Pois, o pior é que a maior parte dos crimes não são participados...

Interrogo-me como a Suécia no 1º lugar da lista e a Itália no meio.

A meu ver esta lista é pouco viável e enganadora...

Nero_azurra

JAM disse...

Caro Álvaro Santos Pereira, saudações. Foi uma boa análise em função dos dados acerca dos crimes participados. No entanto não existem informações sobre os crimes não participados, o que muito provávelmente deturpará a realidade. Dou-lhe uma achega: entre outras actividades extra laborais, faço apoio à vítima numa ONG e devo dizer-lhe, que nessa situação específica, perto de 40% das queixas não são oficializadas (mesmo sendo crimes públicos) por intenso medo das vítimas ou por descrença nos mecanismos de protecção e da (in)acção da Justiça, e isto apesar da nossa insistência, apoio e esclarecimento jurídico. É apenas um mero exemplo, mas pode ser um indicador a levar em consideração sobre uma tendência na sociedade. Outro exemplo: para pequenos furtos ou fraudes (roubo de auto rádio ou uma nota de euro falsa) a maioria das pessoas preferem nem fazer queixa porque isso significa uma enorme perda de tempo e gastos acrescidos (custas judiciais, advogados, etc).

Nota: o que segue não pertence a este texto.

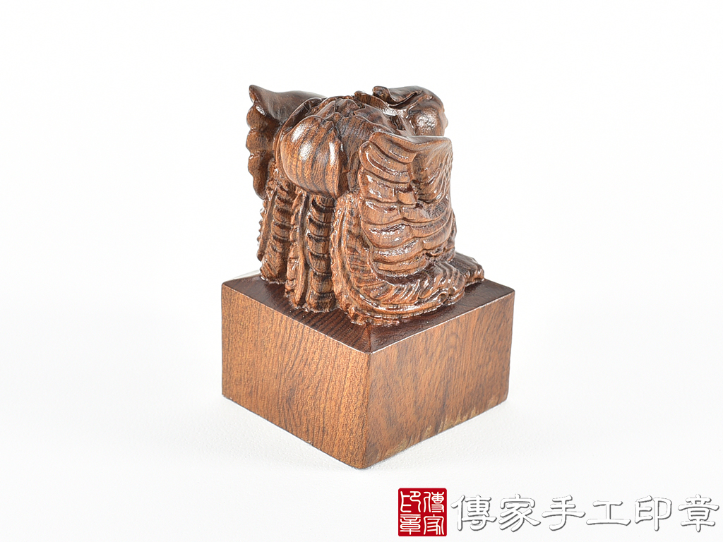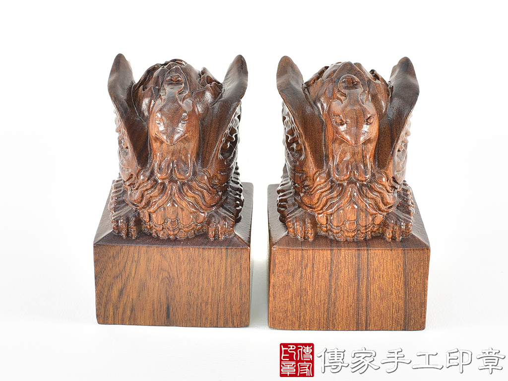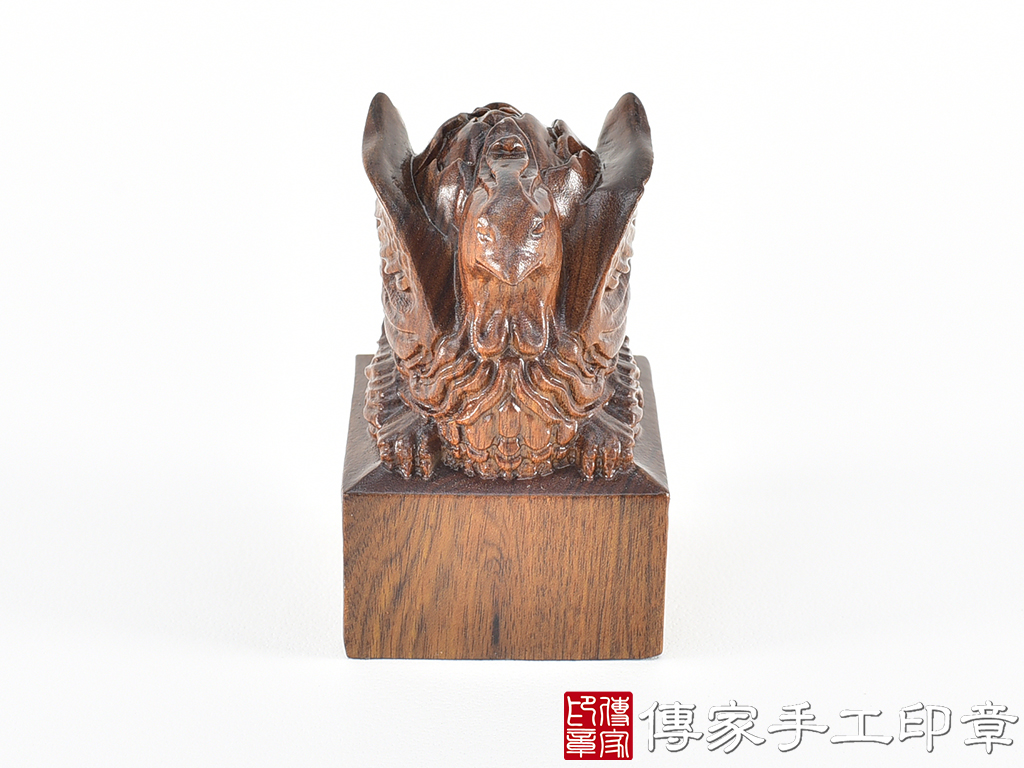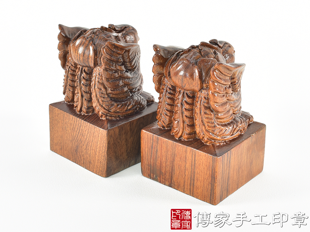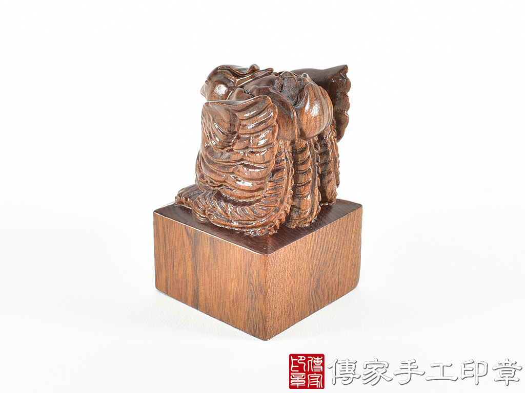 傳家手工印章實際成品:頂級紅紫檀木精雕鳳凰廟章合照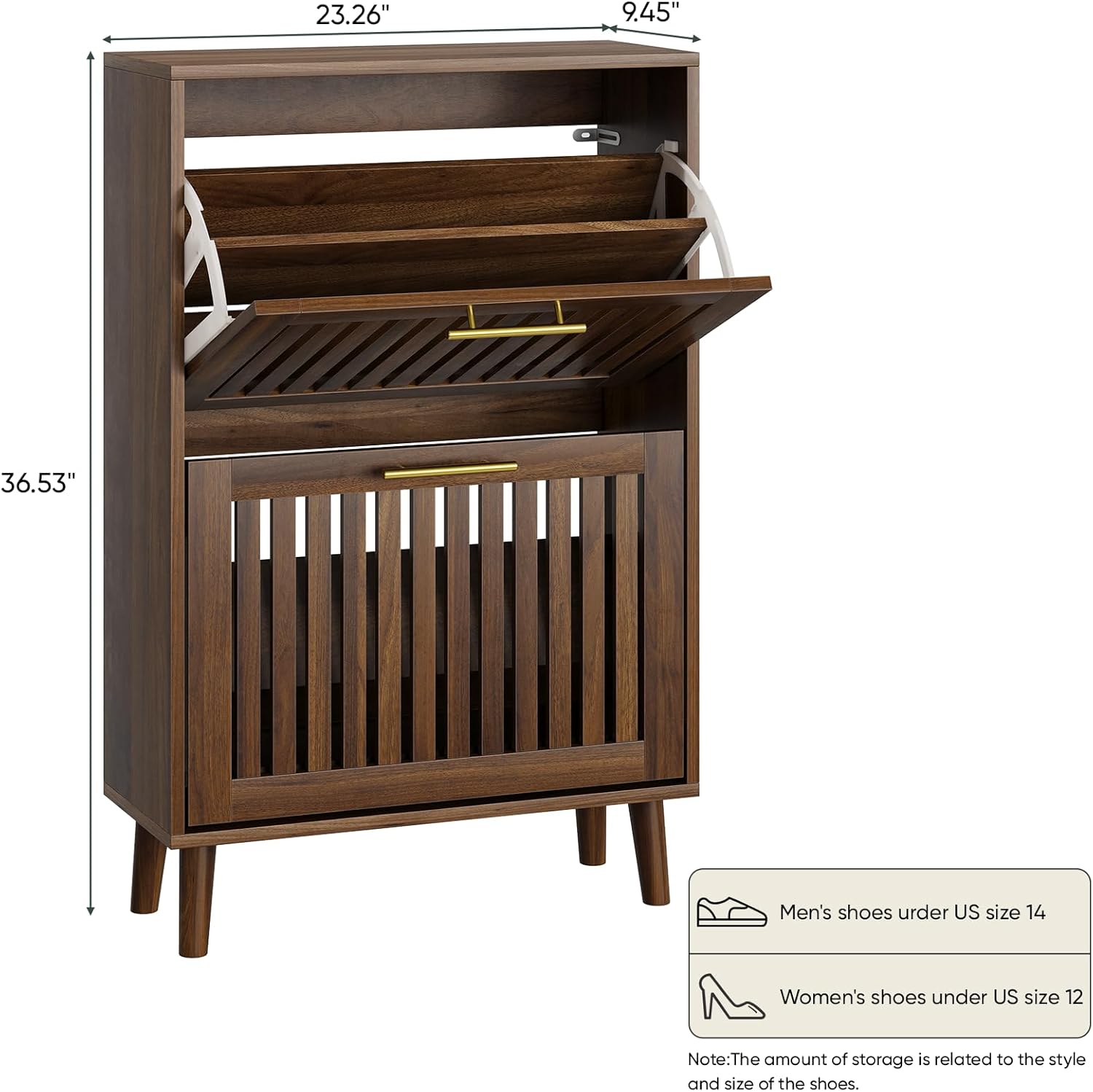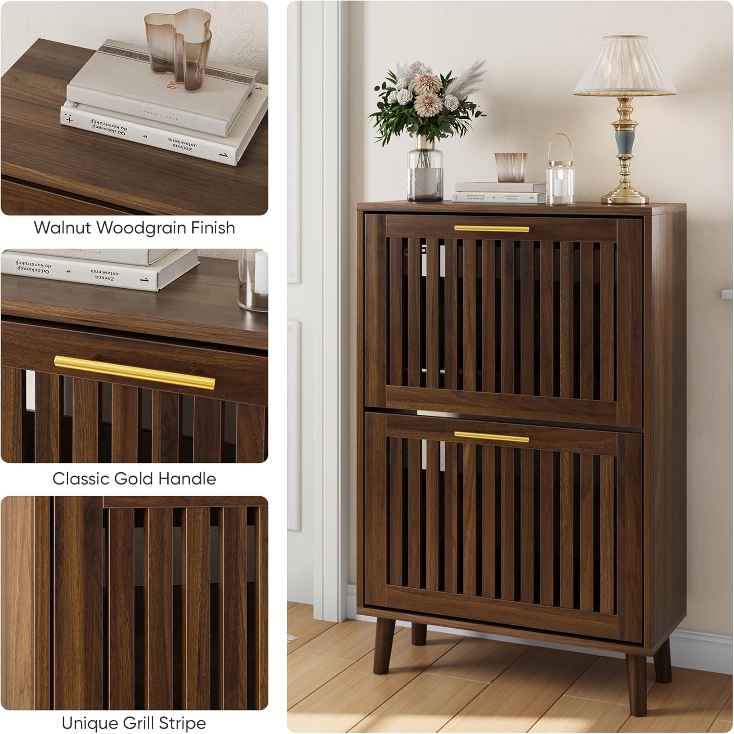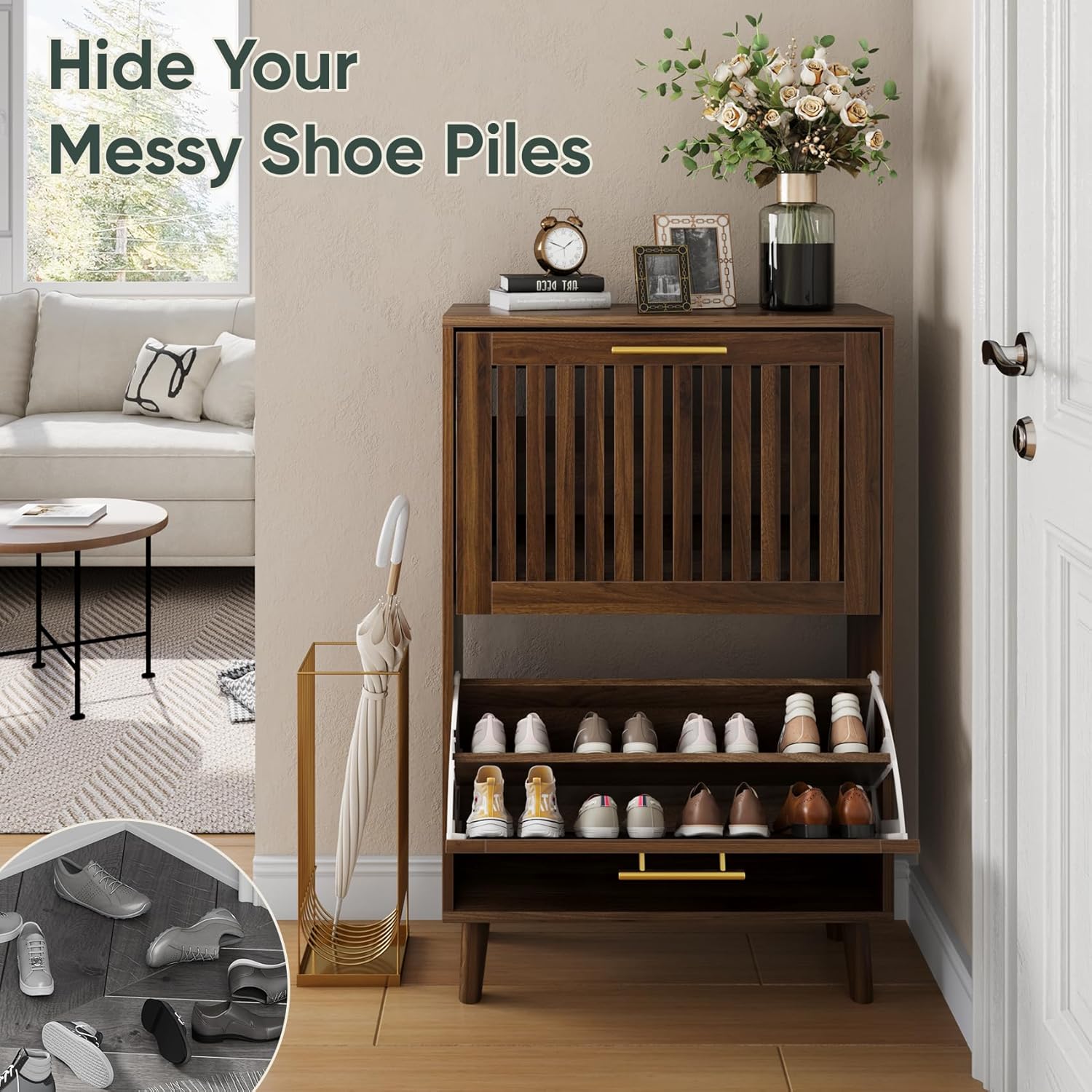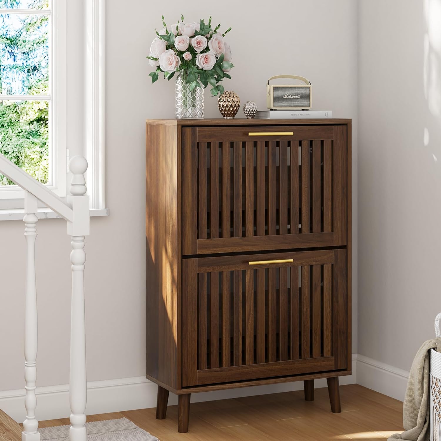 Shoe Storage Cabinet with 2 Flip Louvered Drawers, Narrow Wood Shoe Cabinet with Gold Handle, Hidden Entryway Shoe Organizer for Hallway, Foyer, Natural Oak

Um à parte: gostava muito de ler um dia uma reflexão sua acerca da comparação da subida real dos preços do petróleo em euros e em dólares, tendo em conta a valorização da primeira moeda em face da desvalorização da segunda.

Um abraço lusitano.

Alvaro Santos Pereira disse...

Caros Anónimo e JAM,

Os vossos pontos são muito pertinentes. Amanhã faço um post sobre os vossos comentários

Obrigado

Alvaro

Antonio disse...

As estatísticas valem o que valem. Mas é evidente que há uma transformação de valores e que há uma enorme quantidade de pessoas sem prespectivas de futuro. É pois dificil acreditar que a criminalidade violenta possa ter diminuido. Nunca firam noticiados tantos assaltos a bancos e ourivesarias e mortes violentas com os gangs da noite Para não falar do "carjacking". Mesmo que se tenha consciência que a imprensa empola as notícias não há nenhuma razão para pensar que se criaram condições para reduzir os números da criminalidade violenta.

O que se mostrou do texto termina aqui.